Carrots' Unique Cancer-Fighting Chemical

Almost everyone, of whatever age, knows and loves carrots.   To introduce our new Carrot Powder today, I'll share my most memorable encounters with carrots, which came decades ago as I was learning to garden and to become a doctor. 

From my earliest gardening days, I realized something that I believe to this day: The ability to grow carrots separates a really good gardener from the noncommittal gardener.   Carrots are extremely sensitive to both the quality of the bed preparation and the care one uses to tend the young seedlings.
 
First, the bed must be completely level and a uniformly fine texture. Rocky or clumpy beds will produce poor results. Second, how you seed the bed matters. I’ve heard other gardeners say, if you sprinkle the seeds on the surface too thickly, they all grow, but if you sprinkle them too thinly, none grow.  How this happens is anyone’s guess, but that has been my experience as well.
 
Third, once the seeds are sown, they must be watered AT LEAST once a day.  Miss one day, and the seeds won’t germinate, and the ones that have germinated will die.   Then, if all goes well and the carrots sprout, the bed must be carefully watered and the carrots thinned to produce a weed-free, properly spaced stand of carrots.  This is truly a labor of love, but the rewards are one of nature’s most nutritious and flavorful foods.
 
In the early 1980s, I joined the Physicians Association for Anthroposophical Medicine.  The president of the group was a young family-practice physician who, soon after I joined the group, contracted testicular cancer.  Rather than undergo conventional chemotherapy, he used the Gerson Diet, with its 8 to 10 glasses of carrot juice a day, as his main therapy.  He went into a full remission, which lasted about a decade.  At that time, he had a recurrence, which he attempted unsuccessfully to treat with conventional therapy.  It was a difficult time for our entire close-knit group of young doctors, but it drove home for all of us the life-long lesson that disease can be treatable through dietary changes.  The experience was such a profound lesson for me that one year later, when I graduated from medical school, I asked my parents for a Norwalk juicer as my graduation present.  My intention was to lend it to my cancer patients to make their own carrot juice.  Thirty-three years later, that juicer has made untold gallons of carrot juice for me and my patients.  
 
Although dietary suggestions for cancer patients have changed through the years, especially with the finding that low-carbohydrate diets can be very effective, I still always remember the power of carrots in my friend’s recovery.  We used to think it was either the enzymes or the beta-carotene in carrots that were the active agents, but new research has identified an interesting chemical called falcarinol, which is found only in the root of the carrot plant.

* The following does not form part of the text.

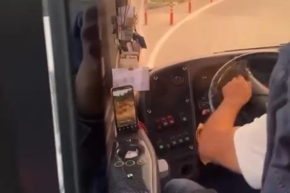 Yürekleri ağza getiren şoförün rahat hareketleri dikkat çekerken, yolcuların uyarılarına rağmen şoför videoyu izlemeye devam etti ve bu durum otobüste gergin anlar yaşanmasına neden oldu.
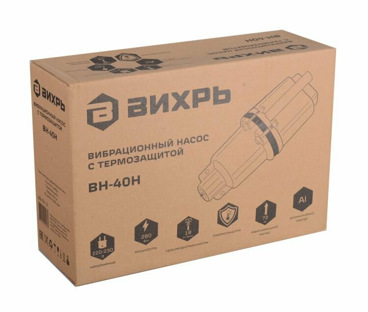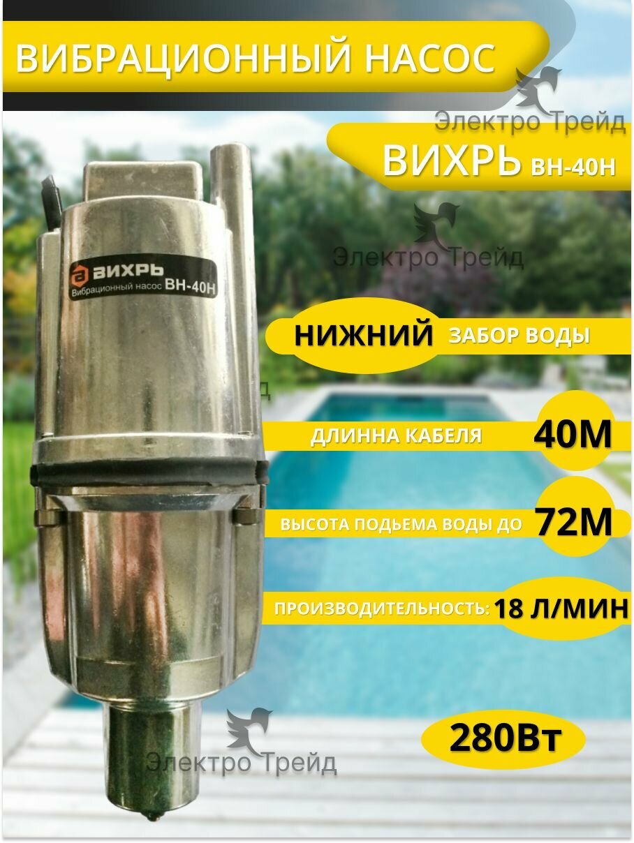 Вибрационный насос Вихрь ВН-40Н предназначен для подачи воды в бытовых условиях из скважин внутренним диаметром от 85 мм и более, могут использоваться также для подачи воды из шахтных колодцев, резервуаров и открытых водоемов для полива садов и огородов. Насосы способны перекачивать воду на большие расстояния горизонтально (свыше 100 м), т.е. подавать воду из водоемов, расположенных на значительном расстоянии от мест использования воды.

Falcarinol is a natural “pesticide” and also protects the plant from fungal attacks. Falcarionol seems to have important anti-cancer effects in both prevention and treatment; in one study, rats fed falcarinol had one-third less cancer incidence than similar rats not fed falcarinol.  Furthermore, falcarinol seems to become more bio-available through either mastication (i.e., juicing in a grind-and-press juicer, like the Norwalk) or through gentle heat (like blanching and dehydration).
 
Our Carrot Powder, made from organically grown orange carrots from local Northern California farms, was made with the bio-availability of the important nutrients in mind.   Even though some of the beta-carotene is lost through cooking, this is an easy nutrient to get in our daily food.   More important are carrots’ unique chemicals, like falcarinol, where the actual medicinal benefits might lie. 
 

 Our carrots are blanched, dehydrated at low heat and then ground and put into Miron jars or mixed into our Threefold blends.   The Carrots Powder works well with both savory dishes, as in the chili we had last night (below), or sweet foods, such as Orange-Carrot Muffins (below).   Carrots deserve a special place in the annals of medicinal food and should be included in virtually everyone’s daily diet. 

In health,
Tom Cowan, M.D.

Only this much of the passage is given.